This clinical trial is focused on studying allergies caused by a specific type of dust mite known as Dermatophagoides pteronyssinus. The trial will use a treatment called an allergenic extract, which is a solution made from these dust mites. This solution is used in a skin-prick test, a common method to check for allergies. The purpose of the study is to standardize the biological response to this allergenic extract, ensuring it is effective and safe for use in diagnosing allergies.

The study will be conducted in two phases. In the first phase, the concentration of the Dermatophagoides pteronyssinus extract will be determined. In the second phase, the study will assess how sensitive and specific the extract is in detecting allergies. This means the study will check how well the extract can identify people who are allergic and those who are not. The study will also use a positive control, which is a solution of histamine dihydrochloride, and a negative control, which is a solution of sodium chloride, to compare the reactions.

Participants in the study will undergo skin-prick tests where small amounts of the allergenic extract, positive control, and negative control are applied to the skin. The size of the reaction, known as a wheal, will be measured to determine the effectiveness of the allergenic extract. The study aims to ensure that the extract is both safe and reliable for diagnosing allergies to Dermatophagoides pteronyssinus and its related species, Dermatophagoides farinae.

1 joining the study

Upon joining the study, the patient will be informed about the purpose and scope of the trial. The patient must understand this information and provide informed consent to participate.

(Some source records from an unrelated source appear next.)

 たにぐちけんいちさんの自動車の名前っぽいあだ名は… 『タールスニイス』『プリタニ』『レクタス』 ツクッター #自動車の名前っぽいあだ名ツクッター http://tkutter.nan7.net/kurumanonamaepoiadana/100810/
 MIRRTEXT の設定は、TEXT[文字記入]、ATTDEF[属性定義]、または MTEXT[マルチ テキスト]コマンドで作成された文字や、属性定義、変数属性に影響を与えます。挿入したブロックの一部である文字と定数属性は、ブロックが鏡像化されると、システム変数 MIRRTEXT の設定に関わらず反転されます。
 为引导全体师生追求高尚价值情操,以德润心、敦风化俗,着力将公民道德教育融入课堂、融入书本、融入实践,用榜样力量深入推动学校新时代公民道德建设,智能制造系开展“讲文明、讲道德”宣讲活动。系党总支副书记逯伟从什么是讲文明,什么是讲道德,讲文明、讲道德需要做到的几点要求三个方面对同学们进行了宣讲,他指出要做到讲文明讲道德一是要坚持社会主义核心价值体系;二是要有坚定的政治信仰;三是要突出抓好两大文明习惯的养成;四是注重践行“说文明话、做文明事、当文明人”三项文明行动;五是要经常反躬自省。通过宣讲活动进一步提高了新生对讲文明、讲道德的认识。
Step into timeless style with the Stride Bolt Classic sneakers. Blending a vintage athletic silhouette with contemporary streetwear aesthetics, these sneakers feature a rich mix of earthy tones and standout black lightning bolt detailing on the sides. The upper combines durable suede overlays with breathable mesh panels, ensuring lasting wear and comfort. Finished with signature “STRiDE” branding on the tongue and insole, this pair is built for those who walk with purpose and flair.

2 first phase: skin prick test

The patient will undergo a skin prick test using a solution containing Dermatophagoides pteronyssinus allergen. This test is performed to confirm an allergy to this allergen.

A positive result is indicated by a wheal (a raised, red, itchy bump) with a diameter at least 3 mm larger than that produced by the negative control. A positive control using histamine dihydrochloride will also be used, which should produce a wheal diameter of at least 4 mm.

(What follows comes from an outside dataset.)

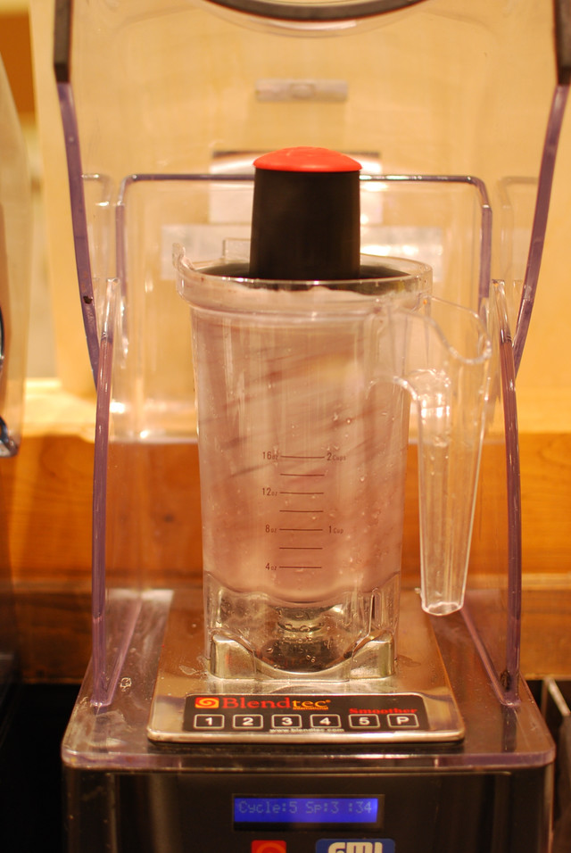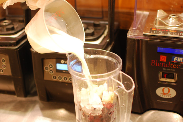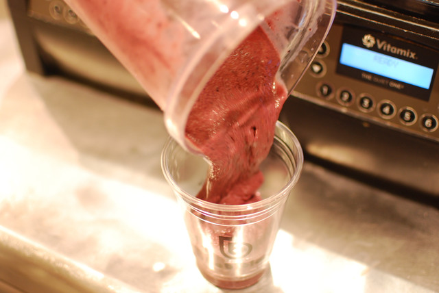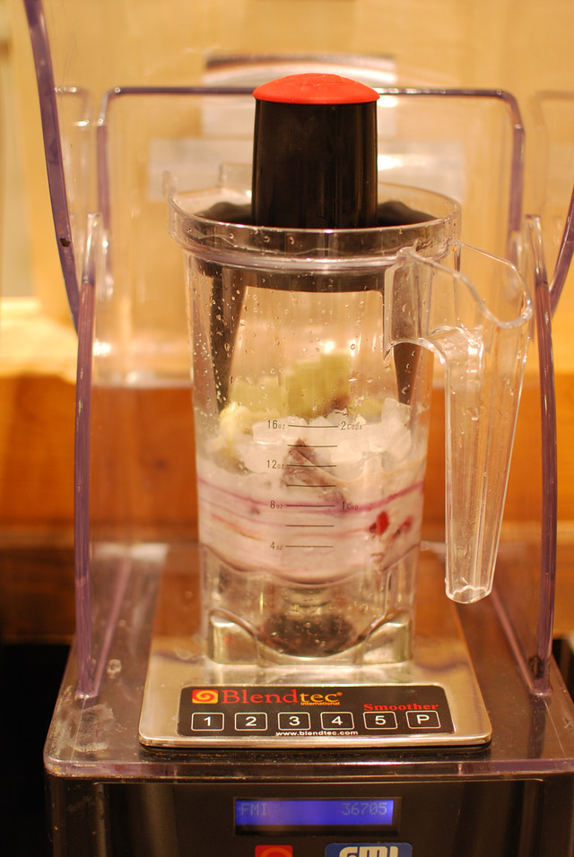 専用ブレンダーで撹拌したスムージーをそのままスパウトパックに充填しますのでお店の味をそのままお届けいたします。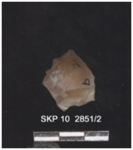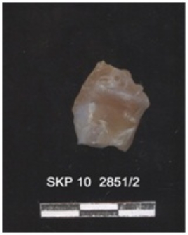 | Description / विवरण | Lithic debitage on chalcedony. It is orangish in color. Ridges and striking platform on can be seen. Bulb of percussion can be seen. |

3 second phase: sensitivity and specificity assessment

In this phase, the sensitivity and specificity of the Dermatophagoides pteronyssinus extract and the Dermatophagoides farinae extract will be assessed.

For sensitivity assessment, the patient must have a positive skin prick test and a positive specific IgE test. For specificity assessment, the patient must have a negative skin prick test and a negative specific IgE test.

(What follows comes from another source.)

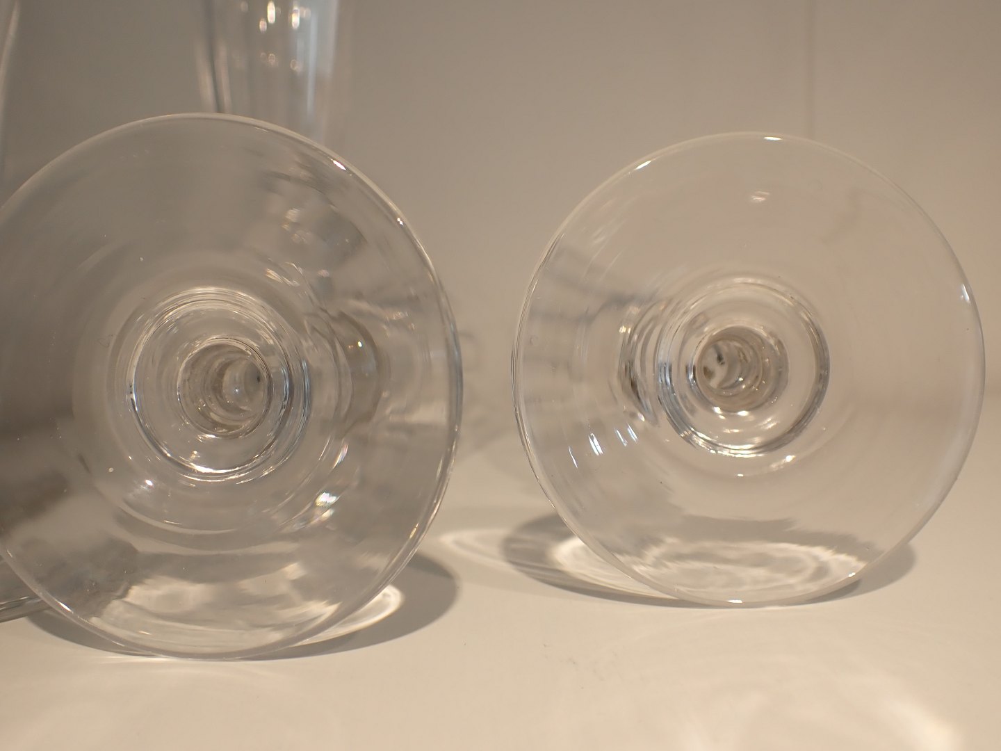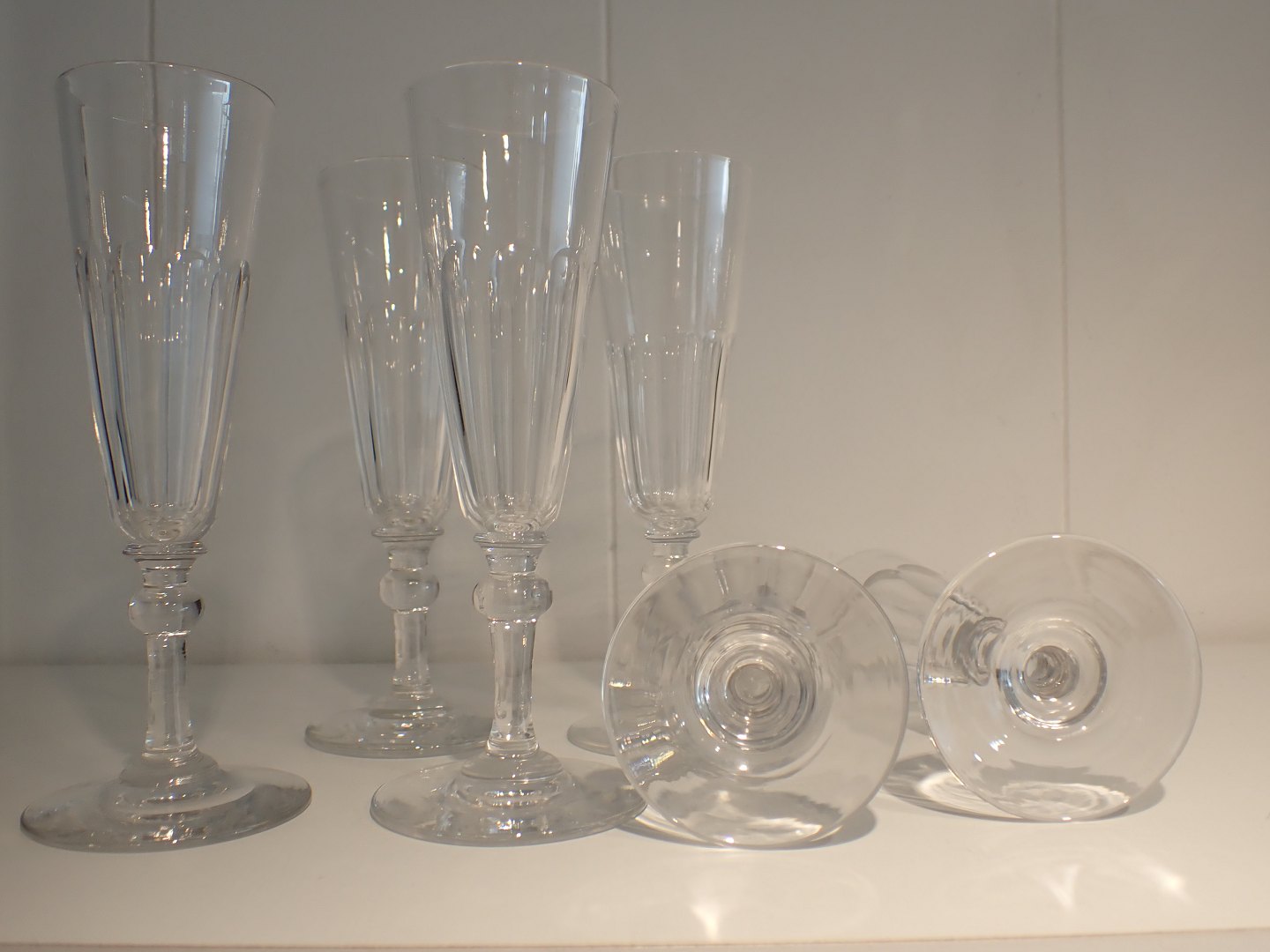 6 champagnefløjter berlinois med facetslebet kumme og med rund kugle på stilk. Kuglet fod. Danske Ca. 1900. Højde: 18,0 - 18,4 cm.. I fin stand. Sælges kun samlet.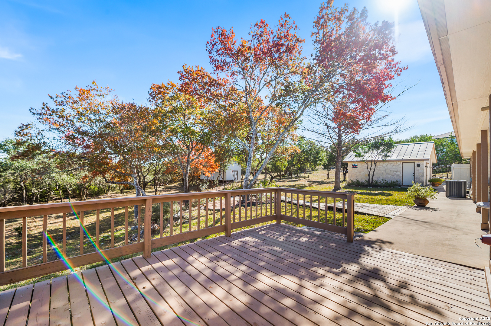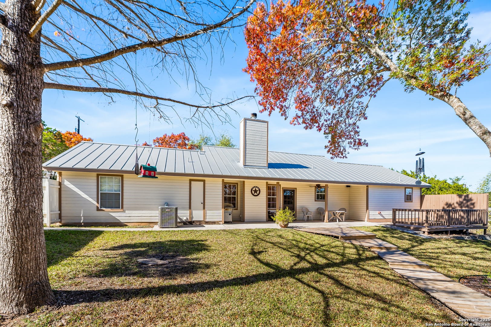 ENJOY THE QUIET PEACEFUL COUNTRY LIVING BUT CLOSE TO THE CITY. OVER ONE ACRE PARADISE JUST WAITING FOR YOU TO ENJOY. BEAUTIFUL ONE STORY HOME WITH LOTS OF OTHER BUILDINGS TO USE AS YOU SEE FIT.YOU CAN EASILY ADD A CIRCULAR DRIVE WAY IN THE FRONT OF THE HOME!THE MAIN HOME IS ONE STORY FEATURING A LARGE LIVING AREA WITH TILE FLOOR AND BEAUTIFUL STONE WOOD BURNING FIREPLACE. THE CHEF'S KITCHEN FEATURES A LARGE ISLAND AS THE CENTER OF YOUR COOKING EXPERIENCE, COOKTOP AND OVEN AND LOTS AND LOTS OF CABINET SPACE ADJOINING THE LIVING AREA. THE LARGE BREAKFAST/DINING AREA OVERLOOKS THE PARKLIKE BACKYARD AND WILL MAKE ANY DINING EXPERIENCE THE ULTIMATE IN RELAXATION. THE BIG MASTER FEATURES A LARGE BATHROOM WITH DOUBLE VANITY, MULTIPLE CLOSETS, AND TUB/SHOWER COMBO. THE TWO OTHER BEDROOMS ARE GOOD SIZE WITH AMPLE CLOSET SPACE. OUTSIDE IS A PARADISE MADE FOR OUTDOOR LIVING STARTING WITH THE HUGE RAISED DECK (WIRED FOR A HOTTUB) OVERLOOKING YOUR VERY OWN PARK. THE IS A CONVERTED DETACHED GARAGE CURRENTLY USED AS A CAVE FOR HE/SHE OR TEEN HANG OUT, MUSIC OR ART STUDIO OR ADD A BATHROOM FOR GUEST OR IN-LAW QUARTERS. IN BACK OF THE PROPERTY YOU WILL FIND A HUGE TWO STORY WORKSHOP WITH THE TOP UNFINISHED AND COULD BE AN APARTMENT(16x32x2) which is 1024 sq ft. LOTS OF TREES AND LANDSCAPING, A 3/4 YARD SPRINKLER SYSTEM AND YOU'RE ALL SET TO GO.ADDITIONALLY HVAC SYSTEM HAS BEEN REPLACED IN THE LAST YEAR AND ALSO THE EXTERIOR WAS PAINTED AT THE SAME TIME. LOCATED ONLY 10 MINUTES TO SIX FLAGS, 25 MINUTES TO DOWNTOWN SAN ANTONIO, 20 MINUTES TO BOERNE AND MUCH MORE. ALL THIS GEM IS MISSING IS YOU SO HURRY NOW TO GET THE BEAUTIFUL ONE OF A KIND PARADISE.

4 administration of extracts

The extracts will be administered subcutaneously, which means they will be injected under the skin. The area of the wheal that forms will be measured to determine the response to the extracts.

5 evaluation of results

The primary endpoint involves calculating the area of the wheal formed after the administration of the extracts. This helps in estimating the dose-response relationship and determining the concentration of extract that produces a response equivalent to that of the histamine solution.

Secondary endpoints include evaluating the sensitivity and specificity of the extract concentration and assessing the safety of the procedure by monitoring any adverse reactions.

Who Can Join the Study?

Patient must live in an area where Dermatophagoides pteronyssinus is common, like the Mediterranean coast.
Patient must be between 18 and 50 years old, regardless of gender.
Patient must have an IgE-mediated allergy to Dermatophagoides pteronyssinus. This means their immune system reacts to this allergen.
Patient must have a positive skin prick test. This is a test where a small amount of allergen is placed on the skin to see if there is a reaction.
Patient must have a positive specific IgE test. This is a blood test that checks for allergy-related antibodies.
Patient must have a skin reaction with a wheal (a raised, red, itchy area) of at least 4 mm when tested with histamine dihydrochloride. This is a standard test to check for skin sensitivity.
Patient must understand the study and agree to participate by signing an informed consent form.
For the second phase, the patient must not have an IgE-mediated sensitization to Dermatophagoides pteronyssinus or similar allergens, confirmed by a negative skin prick test and a negative specific IgE test.
For the second phase, the patient must have a skin reaction with a wheal less than 3 mm when tested with a negative control.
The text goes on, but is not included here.